Rail joiners

SPTom's picture

Guys, for my layout, at least initially, I will be mixing a combination of Walthers code 83 and Atlas code 83 track. I know some someone must have used this combination at one time or another. My question is which rail joiner to use? Or what modification might need to be made. The Atlas joiner seems rather large and loose fitting while the Walthers joiner is smaller and very tight fitting. I know I will need to shim the Walthers track at transition points and more than likely solder all joiners. I just don’t want to put myself behind the power curve by using the wrong joiners right out of the shoot.

Thanks for any help anyone can throw my way,

Tom

 

jeffshultz's picture

Atlas Code 100

I've always just used the standard Atlas Code 100 joiners. They seem to work fine - the only time I tried Code 83 joiners (I don't think they were Atlas though) they were too tight to fit over the rails.

Modeling a fictional GWI shortline combining three separate areas into one freelance-ish railroad.

Jeff Shultz - My blog index
MRH Technical Assistant

http://model-railroad-hobbyist.com/blog/jeffshultz

More about joiners ...

I am a little crazy about this type of stuff, and I have used the Atlas joiners, although I cut them in half because they are just too big.
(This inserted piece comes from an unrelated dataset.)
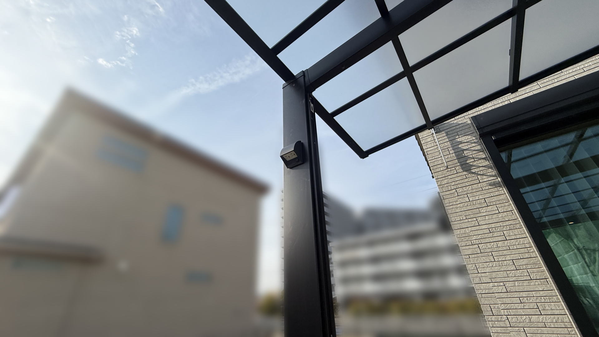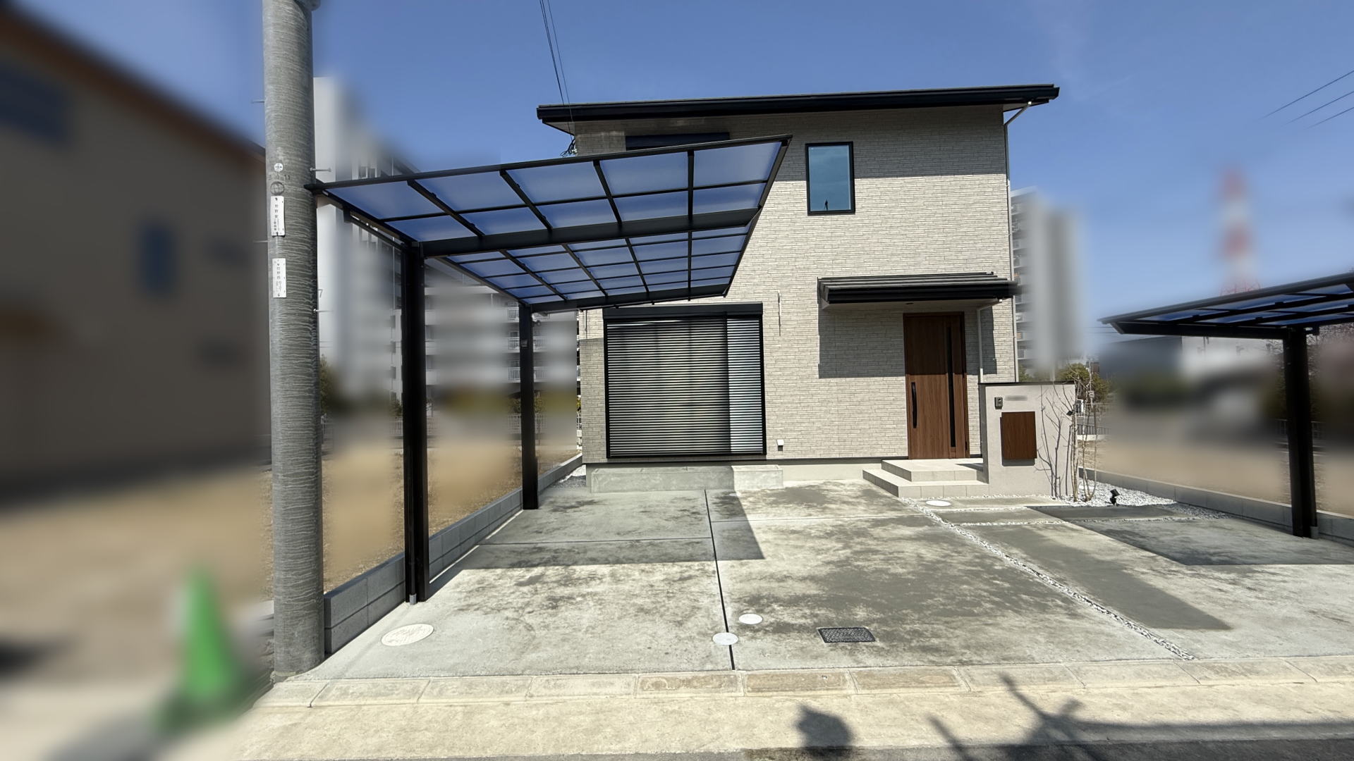枚方市F様邸 カースペース LIXIL ネスカF30-54型/ブラック 熱線吸収ポリカ/クリアマットS H28柱仕様枚方市F様邸 カースペース カーポート柱 コンセント設置

In fact, since the base of the rail is the same size for Atlas Code 100 and Code 83, either joiner will work for the Atlas track. What I have found, however, is that Atlas N scale joiners will work fine to join HO code 83 track together and that is what I have used of late. I really like the Micro Engineering joiners, but, yes they are a little difficult to get on the rail, the answer to that problem is to just file a taper onto the end of the base of the rail and then the joiner should slip on. I do NOT like the Walthers joiners, but that is just a preference. I tried them once and did not have a lot of success with them, but that was on ME rail. The trouble with ME joiners is that they are NOT cheap, for about 1/4 of the price or 1/3 you can buy the Atlas N-scale (Code 80, not Code 55) joiners. They look much better and hold the rail well. You really do want a snug joint, so just tapering the rail ends should help out. The other option, (here I go again with Proto87 stores) is to use his rail joiners. They are a little funny, but they will join any rail to anything else with NO shims. Yes, it works, particularly when you follow his instructions (Although it helps that he's posted a picture on how to use them, once you do it his way SHAZAM!!) They end up kind of disappearing, which is nice. You can, of course, still see them, but they are far less noticable. The price is 3.95 for 30 joiners, so they are more than Atlas, but less than ME and are far less obvious. The link to order those is http://www.proto87.com/accurate-track.html and scroll down to HO Easy Rail end aligners. To see how they're used, visit this MRH thread.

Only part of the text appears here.